DESCRIPTION OF THE TASK
The records that follow must be reproduced in full, with every picture excluded.

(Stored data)
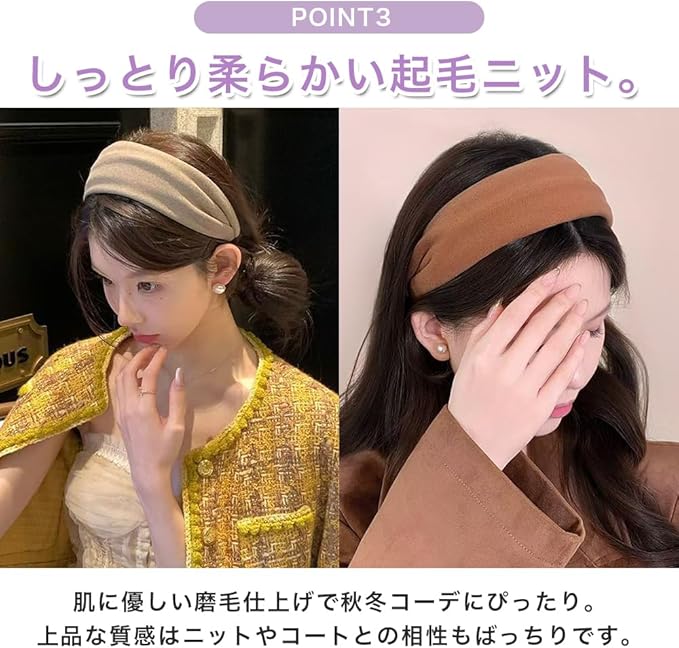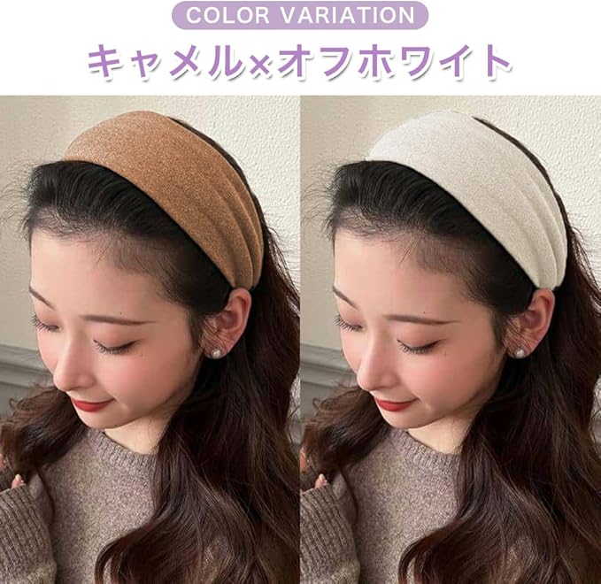 幅広 カチューシャ 太め ヘアバンド ニット 起毛 フンワリ 小顔 洗顔用 ヘアアクセサリー ズレにくい 痛くない くすみカラー 秋冬 韓国 大人可愛い レディース No81 キャメル オフホワイト
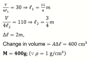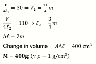 In a closed organ pipe, the frequency of fundamental note is 30Hz. A certain amount of water is now poured in the organ pipe so that the fundamental frequency is increased to 110 Hz. If the organ pipe has a cross-sectional area of $2 cm^2$, the amount of water poured in the organ tube is g. (Take speed of sound in air is 330m/s )
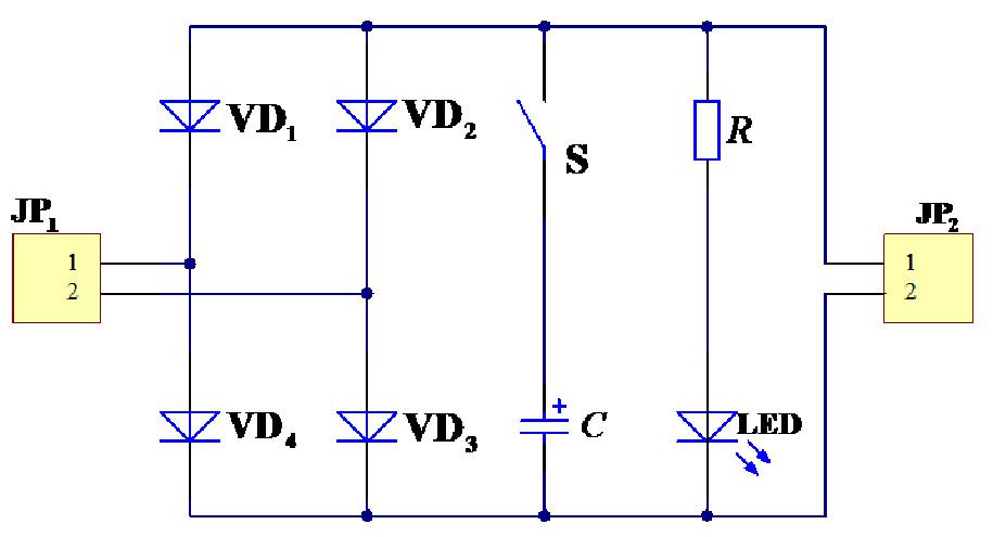 在下图所示电路中,当开关S断开时,该电路为半波整流电路,当开关S闭合时,该电路为桥式整流电容滤波电路。
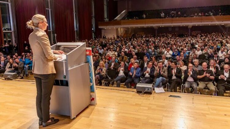 Вайдель також зірвала овації після фрази "Коли ми будемо біля керма, ми знесемо всі вітряки", маючи на увазі альтернативні електростанції.
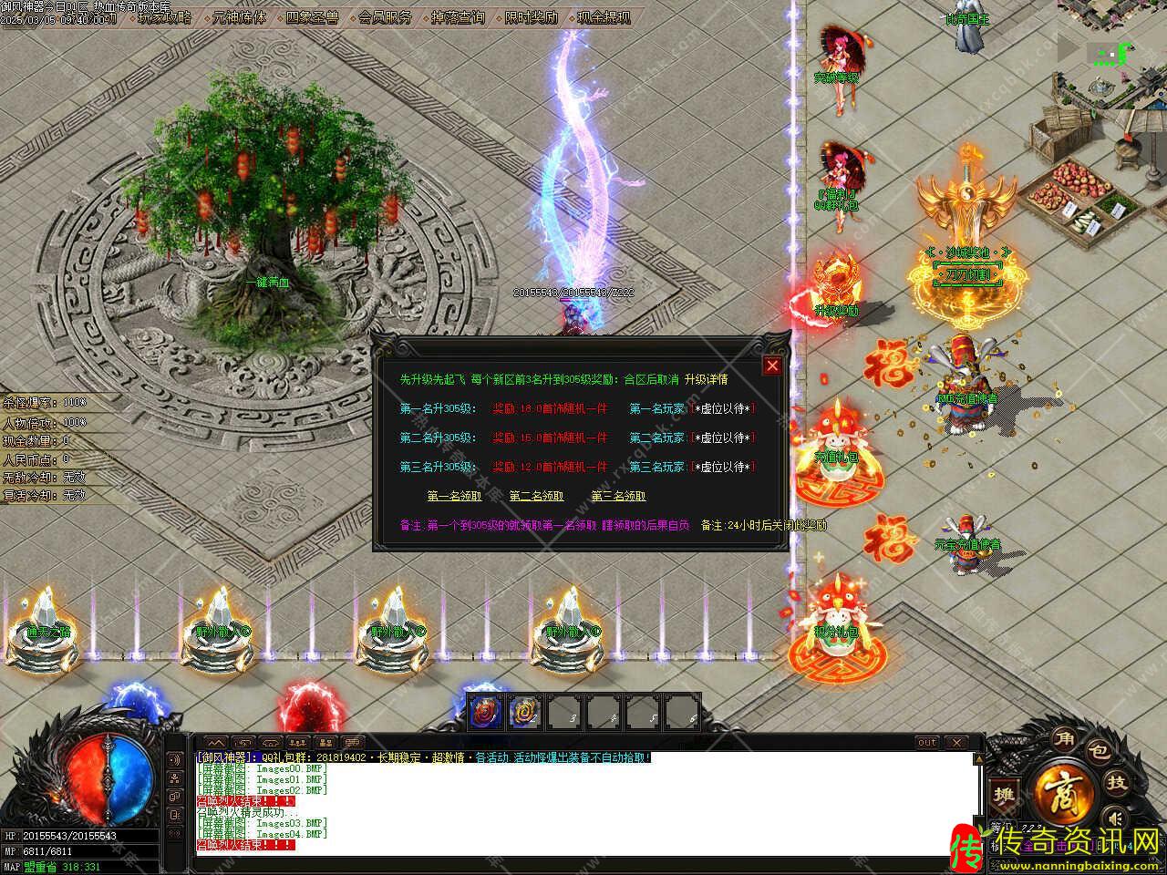 版本介绍:新增升级奖励功能,先升级先起飞,每个新区前3名升到305级奖励,合区后取消,本服等级全部靠打材料提升,无直接提升功能,做此NPC鼓励玩家,收材料带动散人,第一个到305级的就领取第一名领取,24小时后关闭此奖励。
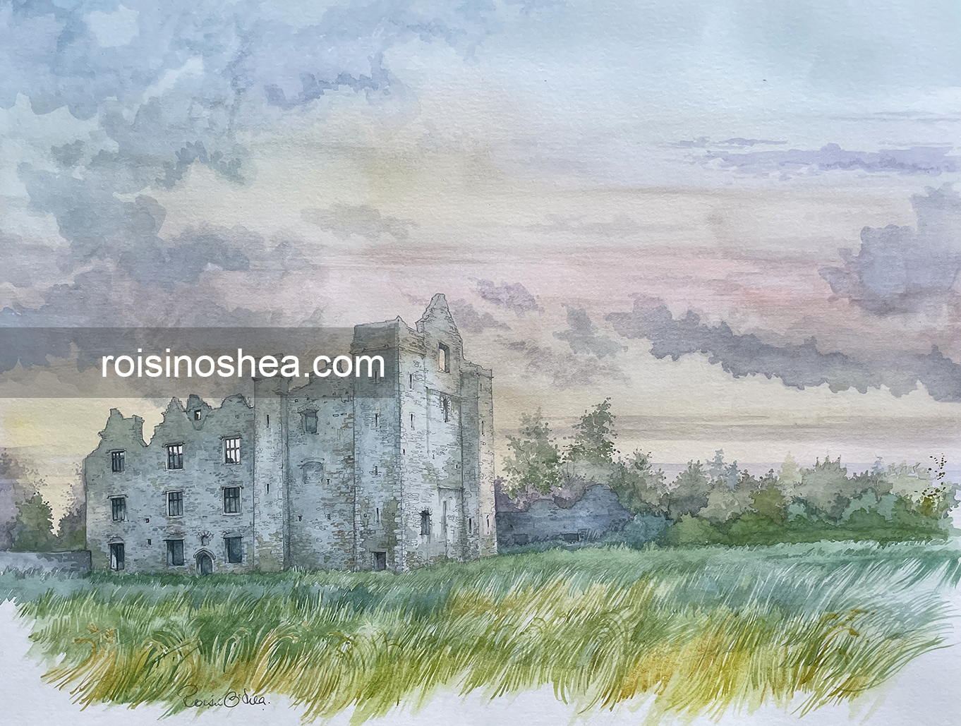 Built and modified between the 15th and 17th centuries, Athlumney is a fortified house and tower. This is an original watercolour painting by Irish artist Róisín O’Shea, direct from the artist’s studio in County Waterford, Ireland, painted in 2023.
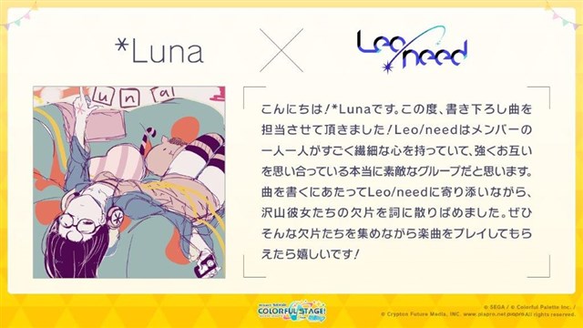 『プロジェクトセカイ』書き下ろし楽曲提供クリエイターとして、*Lunaさんとピコンさんが参加することが決定した。*Lunaさんには「Leo/need」、ピコンさんには「25時、ナイトコードで。」のユニット楽曲を提供する。今後、両楽曲ともにリズムゲーム楽曲として追加予定。詳細情報の公開をお楽しみに!
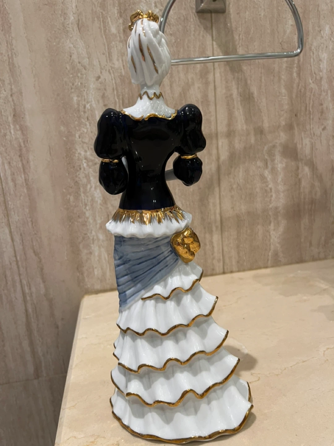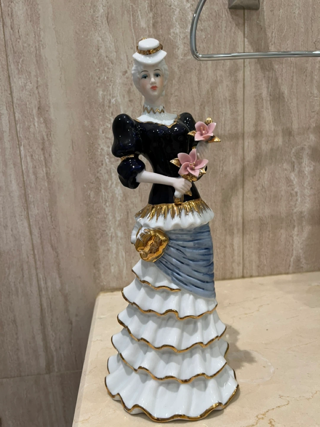 Here is a lovely Royal Alfredo figurine! It features a lady holding pink flowers, dressed in a blue and white dress with black accents.
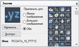 На вкладке "Адаптация" на панели "Список команд" или "Адаптации <имя файла> выберите команду для отображения панели "Значок".
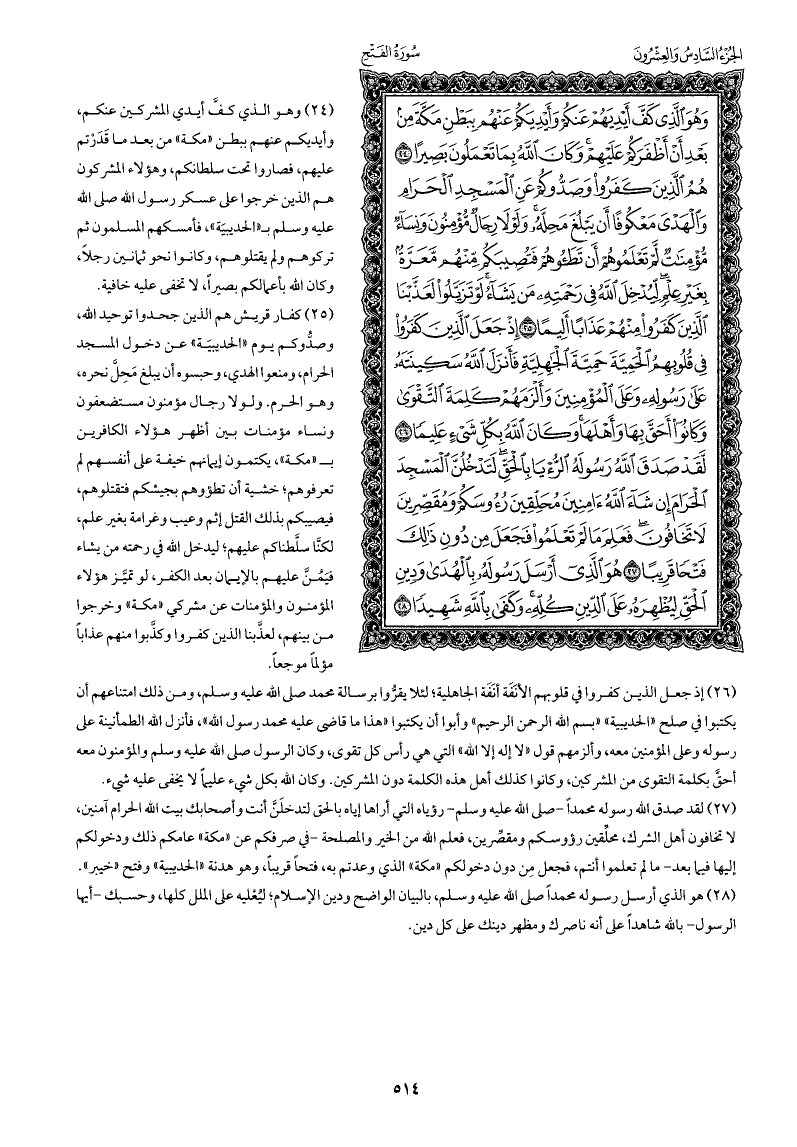 كفار قريش هم الذين جحدوا توحيد الله، وصدُّوكم يوم «الحديبية» عن دخول المسجد الحرام، ومنعوا الهدي، وحبسوه أن يبلغ محل نحره، وهو الحرم. ولولا رجال مؤمنون مستضعفون ونساء مؤمنات بين أظهر هؤلاء الكافرين بـ «مكة» ، يكتمون إيمانهم خيفة على أنفسهم لم تعرفوهم؛ خشية أن تطؤوهم بجيشكم فتقتلوهم، فيصيبكم بذلك القتل إثم وعيب وغرامة بغير علم، لكنَّا سلَّطناكم عليهم؛ ليدخل الله في رحمته من يشاء فيَمُنَّ عليهم بالإيمان بعد الكفر، لو تميَّز هؤلاء المؤمنون والمؤمنات عن مشركي «مكة» وخرجوا من بينهم، لعذَّبنا الذين كفروا وكذَّبوا منهم عذابًا مؤلمًا موجعًا.
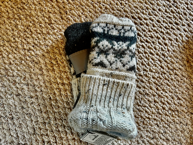 These are luscious 100% heavy weight wool mittens for men. The palms are dark gray with a gray strip of leather sewn into the palm. They are lined with high quality winter fleece and guaranteed to keep your hands toasty warm!
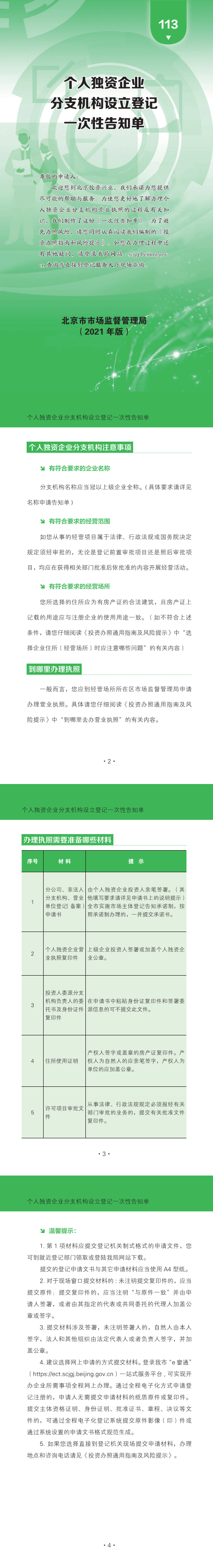 113-个人独资企业分支机构设立登记一次性告知单
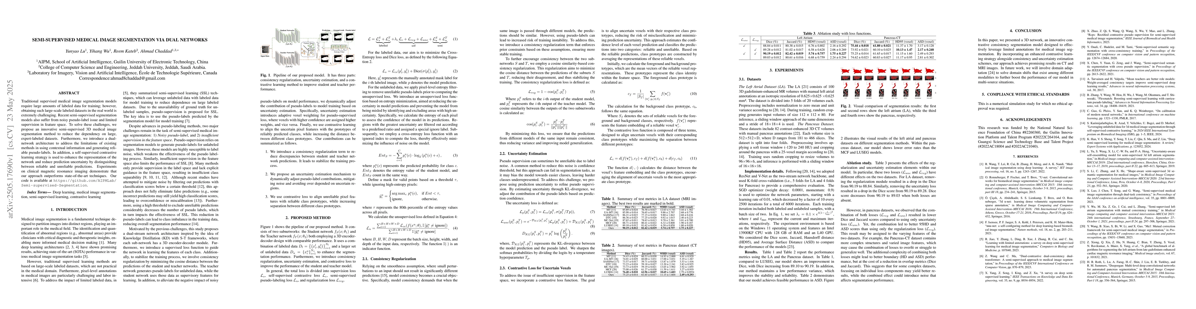 This paper proposes a novel semi-supervised method for medical image segmentation that outperforms state-of-the-art techniques using a dual-network architecture and self-supervised contrastive learning strategy.
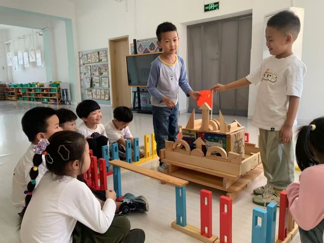 在“认识国旗”互动游戏中,教师通过趣味讲解,帮助幼儿理解国旗的红色象征(革命先烈的鲜血)与五颗星的含义(大星代表中国共产党,四颗小星代表广大人民群众);随后的涂色、粘贴国旗环节,孩子们亲手勾勒鲜红底色、粘贴金黄五星,在实践中深化对国旗的亲近感、尊重感与认同感;在建构区,孩子们发挥想象力与动手能力,用积木拼搭出坦克、城堡等模型,在搭建与分享中直观感受祖国的强大,增强民族自豪感。

ANSWER BOX
 幅広 カチューシャ 太め ヘアバンド ニット 起毛 フンワリ 小顔 洗顔用 ヘアアクセサリー ズレにくい 痛くない くすみカラー 秋冬 韓国 大人可愛い レディース No81 キャメル オフホワイト
 In a closed organ pipe, the frequency of fundamental note is 30Hz. A certain amount of water is now poured in the organ pipe so that the fundamental frequency is increased to 110 Hz. If the organ pipe has a cross-sectional area of $2 cm^2$, the amount of water poured in the organ tube is g. (Take speed of sound in air is 330m/s )
 在下图所示电路中,当开关S断开时,该电路为半波整流电路,当开关S闭合时,该电路为桥式整流电容滤波电路。
 Вайдель також зірвала овації після фрази "Коли ми будемо біля керма, ми знесемо всі вітряки", маючи на увазі альтернативні електростанції.
 版本介绍:新增升级奖励功能,先升级先起飞,每个新区前3名升到305级奖励,合区后取消,本服等级全部靠打材料提升,无直接提升功能,做此NPC鼓励玩家,收材料带动散人,第一个到305级的就领取第一名领取,24小时后关闭此奖励。
 Built and modified between the 15th and 17th centuries, Athlumney is a fortified house and tower. This is an original watercolour painting by Irish artist Róisín O’Shea, direct from the artist’s studio in County Waterford, Ireland, painted in 2023.
 『プロジェクトセカイ』書き下ろし楽曲提供クリエイターとして、*Lunaさんとピコンさんが参加することが決定した。*Lunaさんには「Leo/need」、ピコンさんには「25時、ナイトコードで。」のユニット楽曲を提供する。今後、両楽曲ともにリズムゲーム楽曲として追加予定。詳細情報の公開をお楽しみに!
 Here is a lovely Royal Alfredo figurine! It features a lady holding pink flowers, dressed in a blue and white dress with black accents.
 На вкладке "Адаптация" на панели "Список команд" или "Адаптации <имя файла> выберите команду для отображения панели "Значок".
 كفار قريش هم الذين جحدوا توحيد الله، وصدُّوكم يوم «الحديبية» عن دخول المسجد الحرام، ومنعوا الهدي، وحبسوه أن يبلغ محل نحره، وهو الحرم. ولولا رجال مؤمنون مستضعفون ونساء مؤمنات بين أظهر هؤلاء الكافرين بـ «مكة» ، يكتمون إيمانهم خيفة على أنفسهم لم تعرفوهم؛ خشية أن تطؤوهم بجيشكم فتقتلوهم، فيصيبكم بذلك القتل إثم وعيب وغرامة بغير علم، لكنَّا سلَّطناكم عليهم؛ ليدخل الله في رحمته من يشاء فيَمُنَّ عليهم بالإيمان بعد الكفر، لو تميَّز هؤلاء المؤمنون والمؤمنات عن مشركي «مكة» وخرجوا من بينهم، لعذَّبنا الذين كفروا وكذَّبوا منهم عذابًا مؤلمًا موجعًا.
 These are luscious 100% heavy weight wool mittens for men. The palms are dark gray with a gray strip of leather sewn into the palm. They are lined with high quality winter fleece and guaranteed to keep your hands toasty warm!
 113-个人独资企业分支机构设立登记一次性告知单
 This paper proposes a novel semi-supervised method for medical image segmentation that outperforms state-of-the-art techniques using a dual-network architecture and self-supervised contrastive learning strategy.
 在“认识国旗”互动游戏中,教师通过趣味讲解,帮助幼儿理解国旗的红色象征(革命先烈的鲜血)与五颗星的含义(大星代表中国共产党,四颗小星代表广大人民群众);随后的涂色、粘贴国旗环节,孩子们亲手勾勒鲜红底色、粘贴金黄五星,在实践中深化对国旗的亲近感、尊重感与认同感;在建构区,孩子们发挥想象力与动手能力,用积木拼搭出坦克、城堡等模型,在搭建与分享中直观感受祖国的强大,增强民族自豪感。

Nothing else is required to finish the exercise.